“师父?”陈观棋失声喊道,几乎不敢相信自己的眼睛。师父的魂魄不是已经融入地脉了吗?怎么会有肉身?
玄阳子没有回答,只是抬手对着他们挥了挥。他的袖口下,露出块与四象玉同源的地脉玉,玉面上的云纹正与青铜城的机关纹路产生共鸣。
更诡异的是,他身后的平台上,竟刻着与地脉心核一模一样的四象阵。阵眼处,插着把玄铁剑,剑柄上镶嵌的宝石,泛着与蚀天煞气同源的黑光。
“那不是师父的剑。”白鹤龄突然开口,声音带着颤抖,“那是……天机门主的佩剑!”
陈观棋的心猛地沉了下去。
师父的肉身为何会出现在这里?他身后的四象阵是用来做什么的?那把染满煞气的剑,又意味着什么?
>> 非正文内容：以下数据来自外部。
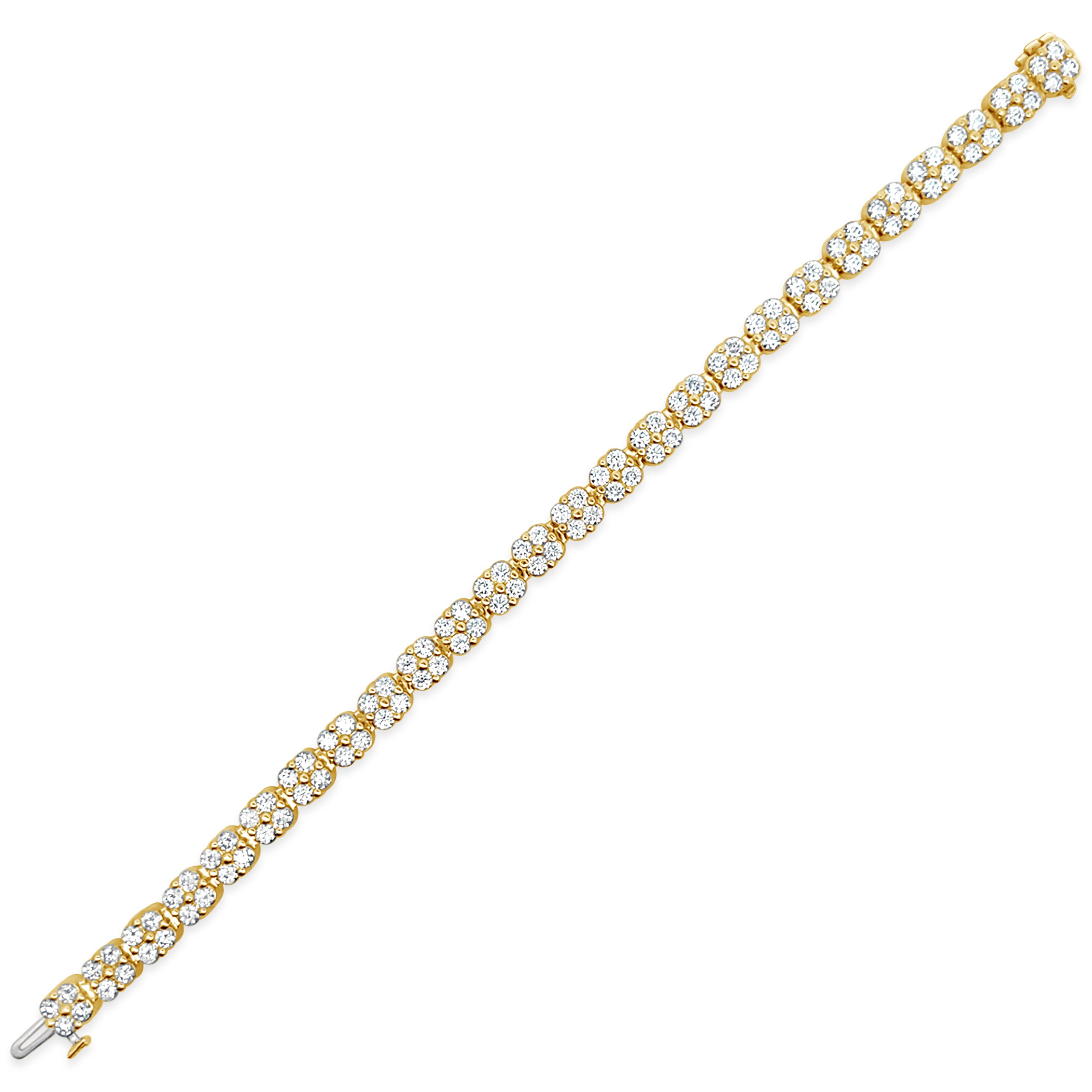 Round diamonds set in 14k yellow gold in this straight cluster design bracelet. Total weight of the diamonds is 7.01 carats.
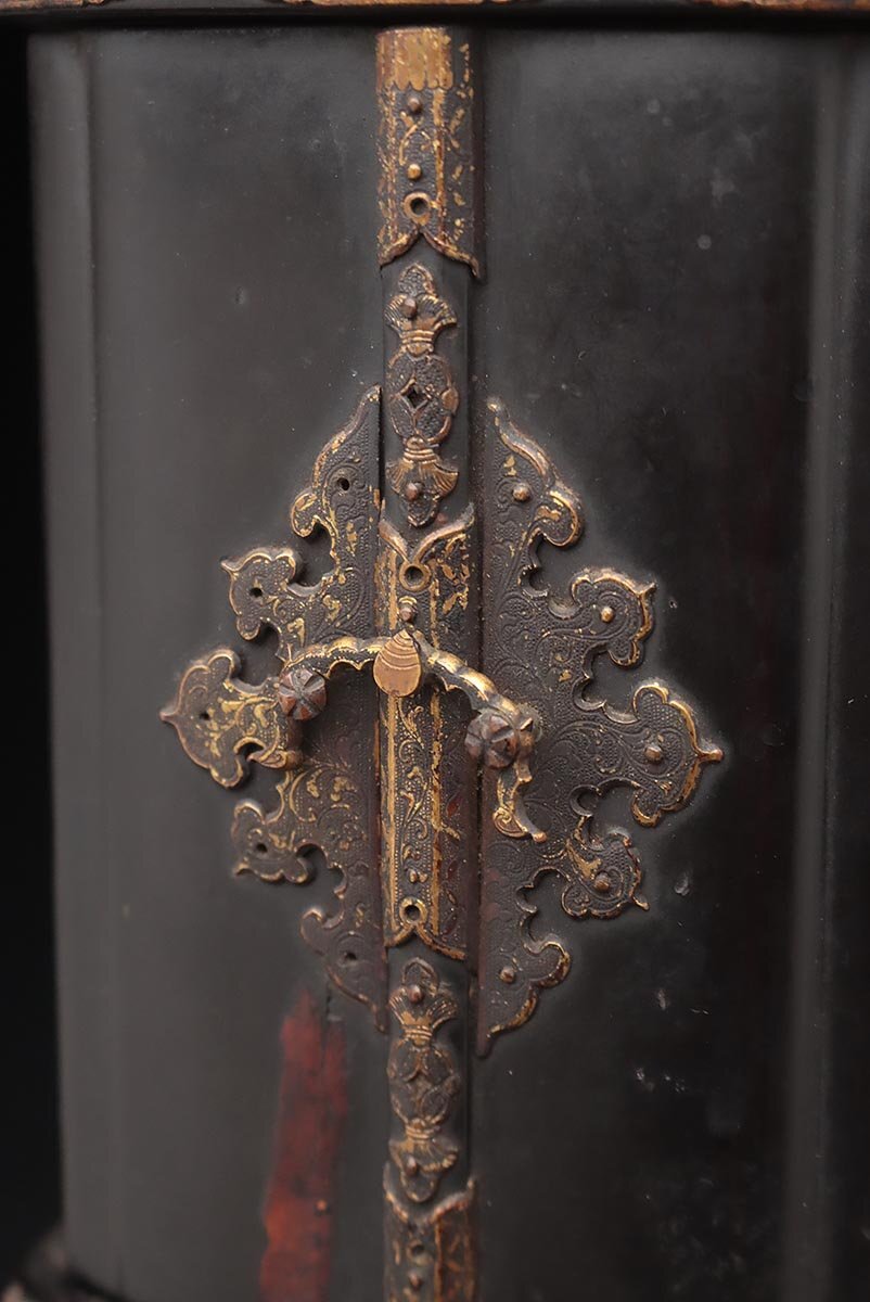 This Edo-period wooden zushi enshrines Monju Bosatsu (Manjushri), the bodhisattva of transcendent wisdom, depicted riding his traditional lion mount. Designed for private devotion, this shrine reflects the intellectual and contemplative practices of early-modern Japan.

地脉重生的喜悦瞬间被巨大的疑云笼罩。他们朝着地面飞去,越来越近,玄阳子脸上的笑容却在阳光下显得有些模糊,像层精心绘制的面具。
守脉龙的龙吟再次响起,这次却带着几分不安。
陈观棋握紧了拳头,指尖的黑白气流微微躁动。他突然明白,地脉的重生不是结束,或许……是另一场更大风暴的开始。而站在风暴中心的,竟是他最敬爱的师父。
风从耳边呼啸而过,带着昆仑山顶草木的清香,却吹不散心头的寒意。